Между тем, он вовсе не был равнодушен к судьбам человечества. Он сочувствовал людям и принимал близко к сердцу их бедствия. Он мог проводить бессонные ночи, думая о рабстве. Стоны невольников, услышанные им в Америке, много лет преследовали его во сне. Ландшафт, оскверненный следами угнетения и рабства, терял в его глазах всю прелесть.
«Я не сознавал раньше, как тесно наслаждение природой связано с тем, что можно назвать нравственным чувством. Я подразумеваю историю страны, полезность ее произведений и в особенности благосостояние ее жителей. Превратите английского рабочего в жалкого раба – и вы не узнаете прежнего ландшафта» (письма к Герберту из Рио-де-Жанейро).
В путешествии ему пришлось-таки насмотреться на рабство, всегда возбуждавшее в нем сильнейшее негодование:
«Я не мог бы сделаться тори уже из-за их бессердечного отношения к этому позору христианских наций – рабству... Какая честь для Англии, если она первая из европейских наций совершенно уничтожит рабство! Когда я уезжал из Англии, мне говорили, что мои воззрения изменятся после того, как я поживу в рабовладельческих странах; единственное изменение, которое я замечаю в себе, – это то, что я научился еще более ценить характер негров. Невозможно видеть негра и не чувствовать к нему расположения: такое добродушное, открытое, честное выражение лица и прекрасное мускулистое тело. Глядя на тщедушных португальцев с их разбойничьими физиономиями, я почти готов был желать, чтобы Бразилия последовала примеру Гаити».

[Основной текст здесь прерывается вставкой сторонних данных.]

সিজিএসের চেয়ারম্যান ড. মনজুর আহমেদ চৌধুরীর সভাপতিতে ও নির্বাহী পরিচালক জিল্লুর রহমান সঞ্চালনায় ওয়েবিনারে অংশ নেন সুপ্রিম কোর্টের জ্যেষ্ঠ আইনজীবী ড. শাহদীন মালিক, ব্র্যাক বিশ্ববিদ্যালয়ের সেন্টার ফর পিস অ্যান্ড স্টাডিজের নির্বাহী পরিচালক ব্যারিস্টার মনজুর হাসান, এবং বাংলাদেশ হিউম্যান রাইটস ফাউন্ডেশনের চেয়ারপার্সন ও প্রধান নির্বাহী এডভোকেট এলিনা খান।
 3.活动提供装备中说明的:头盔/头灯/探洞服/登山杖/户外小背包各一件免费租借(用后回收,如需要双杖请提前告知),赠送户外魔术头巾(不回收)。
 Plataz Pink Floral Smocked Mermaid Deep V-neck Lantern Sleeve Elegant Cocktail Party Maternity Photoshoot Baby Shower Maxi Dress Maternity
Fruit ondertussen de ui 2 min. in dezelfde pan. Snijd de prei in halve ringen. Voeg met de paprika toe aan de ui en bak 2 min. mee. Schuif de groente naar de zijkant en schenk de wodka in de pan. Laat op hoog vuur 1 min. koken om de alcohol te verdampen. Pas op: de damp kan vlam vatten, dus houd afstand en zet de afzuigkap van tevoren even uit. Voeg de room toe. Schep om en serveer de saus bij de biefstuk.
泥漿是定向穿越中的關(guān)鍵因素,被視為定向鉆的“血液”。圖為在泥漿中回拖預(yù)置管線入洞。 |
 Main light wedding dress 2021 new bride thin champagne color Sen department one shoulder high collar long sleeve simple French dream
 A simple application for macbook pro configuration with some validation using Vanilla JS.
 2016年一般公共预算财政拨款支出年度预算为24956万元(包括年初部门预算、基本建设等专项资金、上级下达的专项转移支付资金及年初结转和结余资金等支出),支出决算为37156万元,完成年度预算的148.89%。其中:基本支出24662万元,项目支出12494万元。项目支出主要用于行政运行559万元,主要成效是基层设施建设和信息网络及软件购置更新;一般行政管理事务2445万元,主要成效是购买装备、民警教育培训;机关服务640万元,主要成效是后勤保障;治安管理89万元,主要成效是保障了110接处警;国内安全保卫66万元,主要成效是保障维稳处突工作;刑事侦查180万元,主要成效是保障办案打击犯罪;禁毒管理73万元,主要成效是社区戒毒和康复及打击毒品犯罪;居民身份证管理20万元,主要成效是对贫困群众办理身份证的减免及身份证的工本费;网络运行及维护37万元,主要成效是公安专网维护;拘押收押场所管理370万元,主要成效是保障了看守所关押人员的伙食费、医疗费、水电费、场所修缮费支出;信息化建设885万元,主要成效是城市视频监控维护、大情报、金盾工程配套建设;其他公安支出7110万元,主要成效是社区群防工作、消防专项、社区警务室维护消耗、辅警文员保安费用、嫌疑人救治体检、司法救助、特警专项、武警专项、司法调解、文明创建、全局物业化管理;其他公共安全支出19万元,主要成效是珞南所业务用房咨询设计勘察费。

«Ваше рассуждение о рабстве, – пишет он Лайелю, отнесшемуся к рабовладельцам довольно снисходительно, – крайне возмутило меня, но, так как мое мнение об этом предмете имеет для Вас столько же значения, как пепел этого письма, то я не стану прибавлять ничего больше: скажу только, что обязан Вам несколькими тягостными бессонными часами».